I SWEAR I’ll do a really good grocery report next week. I’ll just pull an all-nighter! Put on a pot of coffee, lock myself in my room. It’ll be fun!


Oh you big suck-up! You will not! You’ll be over at the Lake House talking to your brother on the phone or something! Look at this! An entire case of Gerolsteiner Sparkling Wasser still not priced and on the shelf! Get to work you Rob, you! No Whipples for you! (or wait—this is better–) I’m gonna Whipple you if you don’t buckle down and get to work!

Little Donna Elwell is the only one of us who ever gets her report in on time.

The Farm Report
Great Local Produce at Elmer’s!

The local farms are really producing now and Elmer’s Store shelves
are overflowing with the bounty! Be sure to check the red coolers for
veggies. The bunches are so big that everything won’t fit in the
standing cooler.


SUNDAY, 6/30/08
From Alex and Joe Osterman in Ashfield

FRIDAY, 6/27/08
From Sangha Farm in Ashfield

FRIDAY, 6/27/08
From Paddy Flat Farm in Ashfield

THURSDAY, 6/26/08
From Spring Water Garden in Ashfield

OrganiC (CA) Carrots
Organic (CA) Cucumbers
Organic (CA) Eggplant
Organic (CA) Fennel
Organic (Argentina) Garlic
Organic (HI) Ginger Root
Organic (CA) Herbs: Cilantro
Organic (CA) Leeks
Organic (Mexico) Lemons
Organic (FL) Nectarines
Organic (CA) Onions
Organic (CA) Oranges
Organic (CA) Parsnips
Organic (CA) Potatoes
Organic (CA) Spinach
Organic (FL) Summer Squash
Organic (FL) Zucchini

To make specific produce requests, email me at


Remember in elementary school how, no matter what you said, your teacher turned it into a verb?

“I have to get some water.”

“I’m gonna water you if you don’t sit down!”

“I have to go to the bathroom.”

“I’m gonna bathroom you if you don’t sit down!”
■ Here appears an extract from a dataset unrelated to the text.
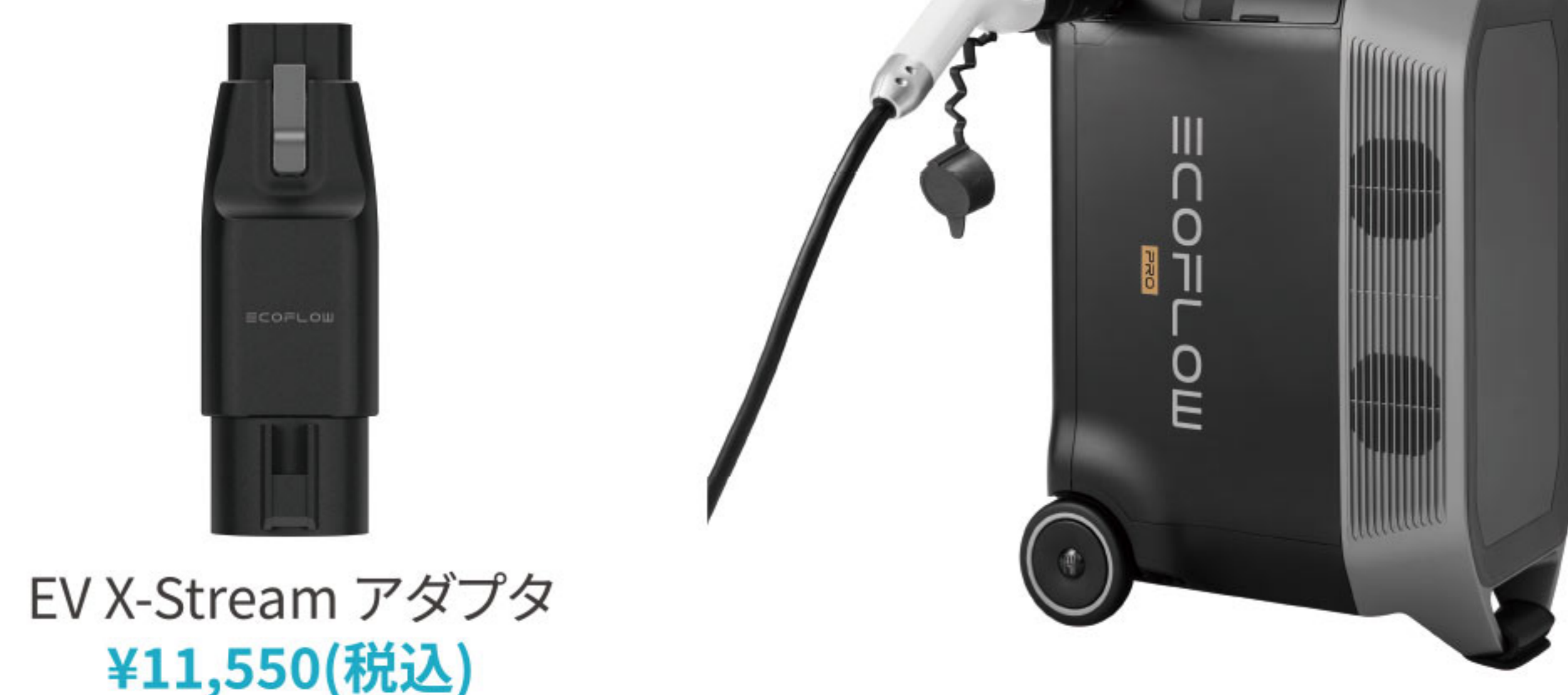
EV X-Stream アダプタ ¥11,550(税込)

※1.EVステーションの利用時間は各施設のルールに従って下さい。 ※2.EVステーションで充電の際は、別売りの「EV X-Streamアダプタ」が必要です。

Did they do that up north or was that only in the south? I remember being in the first grade and thinking that was weird language construction, even then.

See, we are on summer vacation here in the newsroom at Elmer’s Store, so we’ll just write about anything.

HEY! Does anybody out there in reader land know anything about starting a radio station? Just a little one. Surely someone does. If you do, would you write me back and just say, “Well, what do you want to know?” and I’ll tell you.


Art Opening Sunday, July 6th from 3 – 5 pm with works by Kate Bakey and Bob Parati

Lord, look—we got us a five pager this time! You can take this to the beach and lay around reading it! Don’t forget your sunscreen and watch out for those sharks!